DATA LISTING below:

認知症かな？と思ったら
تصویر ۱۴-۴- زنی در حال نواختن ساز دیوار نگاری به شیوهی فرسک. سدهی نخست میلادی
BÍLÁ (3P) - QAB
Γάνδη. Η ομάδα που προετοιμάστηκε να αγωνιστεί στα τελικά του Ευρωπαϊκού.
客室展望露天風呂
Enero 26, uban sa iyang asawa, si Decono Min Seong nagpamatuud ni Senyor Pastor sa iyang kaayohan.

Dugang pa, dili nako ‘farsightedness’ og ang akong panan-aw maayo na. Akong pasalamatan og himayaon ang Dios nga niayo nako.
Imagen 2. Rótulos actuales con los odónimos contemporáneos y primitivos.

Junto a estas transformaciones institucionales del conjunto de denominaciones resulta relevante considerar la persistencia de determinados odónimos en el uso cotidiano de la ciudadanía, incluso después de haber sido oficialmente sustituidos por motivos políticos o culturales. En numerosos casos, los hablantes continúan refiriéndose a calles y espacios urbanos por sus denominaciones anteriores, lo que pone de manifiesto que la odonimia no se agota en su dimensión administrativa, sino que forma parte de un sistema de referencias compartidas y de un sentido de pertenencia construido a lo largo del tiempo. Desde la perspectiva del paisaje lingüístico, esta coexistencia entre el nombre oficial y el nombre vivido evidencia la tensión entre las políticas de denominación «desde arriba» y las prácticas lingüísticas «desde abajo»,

End of DATA LISTING.
DATA LISTING below:

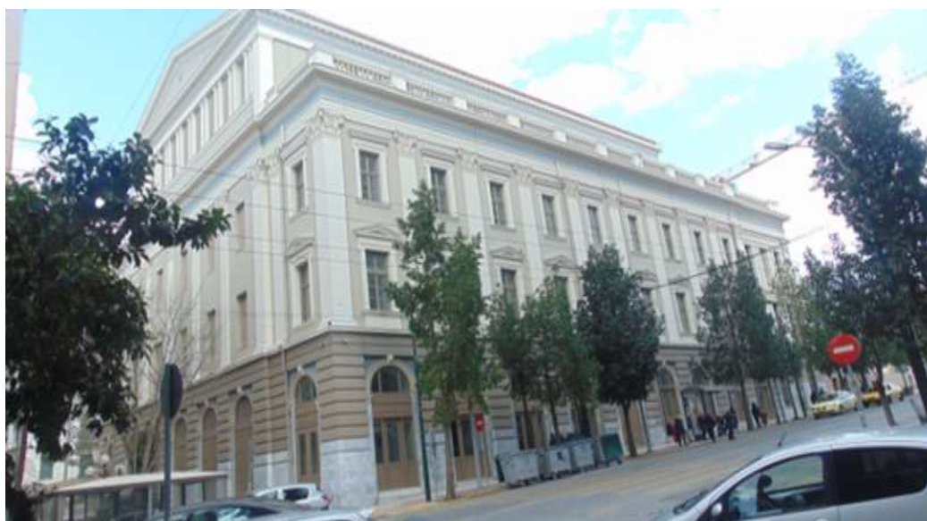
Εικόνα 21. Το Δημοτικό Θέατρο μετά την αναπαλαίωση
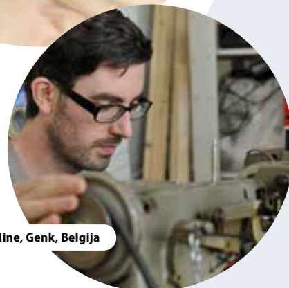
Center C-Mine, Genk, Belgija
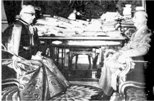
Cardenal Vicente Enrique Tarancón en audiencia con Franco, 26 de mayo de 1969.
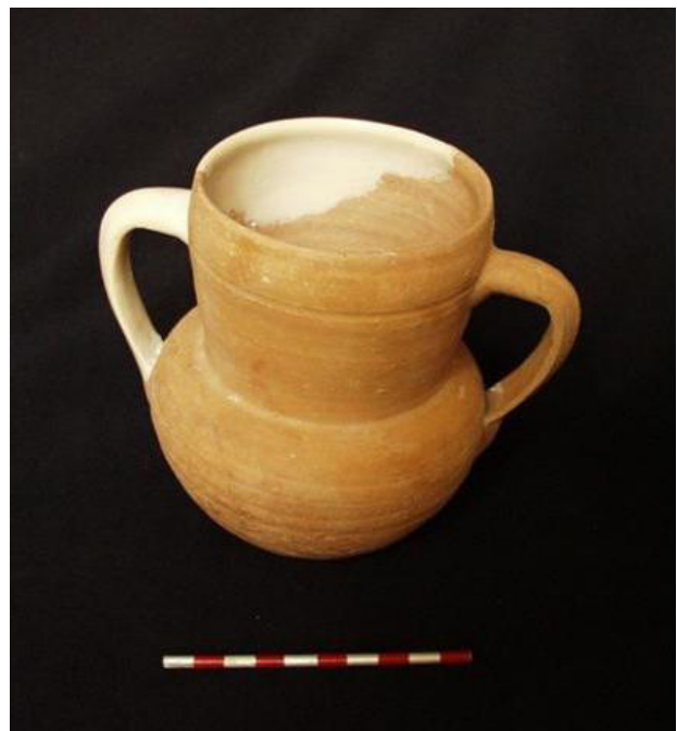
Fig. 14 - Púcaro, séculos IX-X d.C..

End of DATA LISTING.
DATA LISTING below:

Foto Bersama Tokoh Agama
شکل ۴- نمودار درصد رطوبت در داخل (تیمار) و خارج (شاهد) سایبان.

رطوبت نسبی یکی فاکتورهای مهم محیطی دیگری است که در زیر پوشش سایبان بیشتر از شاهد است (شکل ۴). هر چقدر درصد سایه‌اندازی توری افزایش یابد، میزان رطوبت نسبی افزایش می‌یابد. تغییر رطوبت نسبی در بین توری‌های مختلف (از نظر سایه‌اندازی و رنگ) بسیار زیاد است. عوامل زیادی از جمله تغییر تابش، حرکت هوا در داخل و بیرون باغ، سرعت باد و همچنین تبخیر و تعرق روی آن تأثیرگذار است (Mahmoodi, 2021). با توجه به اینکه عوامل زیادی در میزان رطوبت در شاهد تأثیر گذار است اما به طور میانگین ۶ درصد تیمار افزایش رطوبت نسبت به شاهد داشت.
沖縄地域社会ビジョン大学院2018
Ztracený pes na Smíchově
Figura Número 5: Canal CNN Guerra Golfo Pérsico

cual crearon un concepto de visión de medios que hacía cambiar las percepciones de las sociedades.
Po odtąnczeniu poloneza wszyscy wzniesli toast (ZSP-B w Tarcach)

End of DATA LISTING.

Your answer must be a single number: the count of lines in the data that contain the string "رطوبت".

__YOUR SOLUTION__
2